What is the role of a worship leader? It seems like my answer to that question has varied over the years, depending on what season you found me in. This quote from Dan Wilt in “Essentials In Worship History” struck me as I read it:
“Worship leaders today must stand up again and again before the people, and routinely retell the same messages – forgiveness is possible, grace is irresistible, resurrection of the faithful is inevitable and new creation is just around the bend.”
One of our roles is to be story-tellers. Given our forgetful nature as humans and broken image bearers, we approach and re-approach the story of God in all of its dimensions and call people to look afresh on it. Often this will seem redundant, but wasn’t it Luther who said he re-tells the gospel week in week out because the people would forget and live as if it weren’t true? Therefore, we must acknowledge our role of re-storying those who come every week (or for the first time). We want to remind them who God is, who they are in Him, and why they’re still here. We repeat it, but perhaps in a slightly different light each time in order to allow others to come to a greater understanding of the attributes and acts of God.

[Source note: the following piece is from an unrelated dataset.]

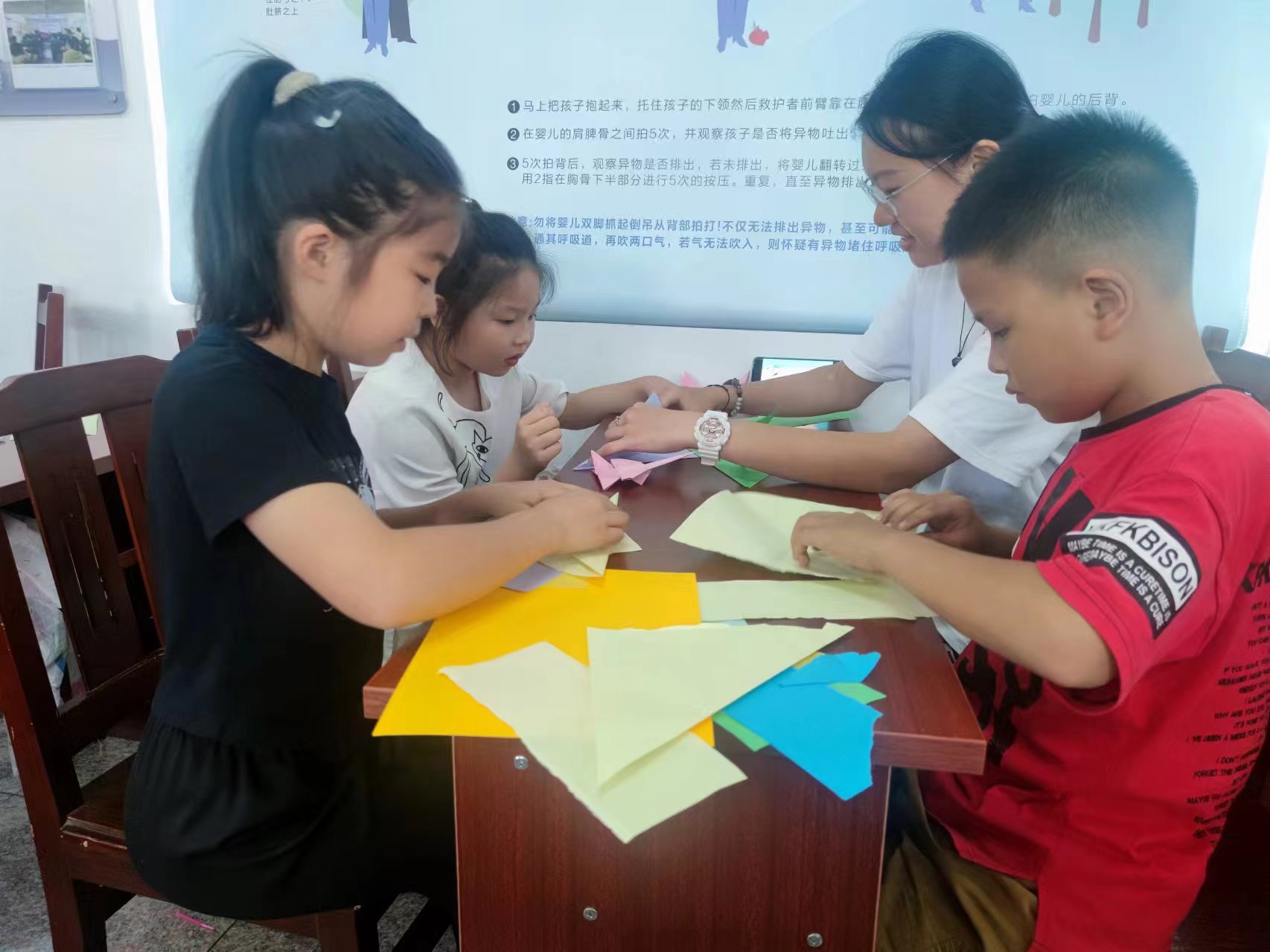 7月18日上午,同學們又去往五龍社區(qū)開展垃圾分類主題的公益課堂。同學們耐心地指導每一個孩子進行折紙,豐富了兒童的課余生活。

Won’t it get old? Don’t people want the “new thing”? If God’s attributes are infinite, just as his mercies are new every morning, then we should have no problems finding new songs to sing or old songs with newly found fire. We have been, are being, and will be greatly saved, so greatly shall we praise him. Let that praise be spoken with our words, songs, and prayers. We will find that the stories re-told fuel our songs as well as our lives over and over.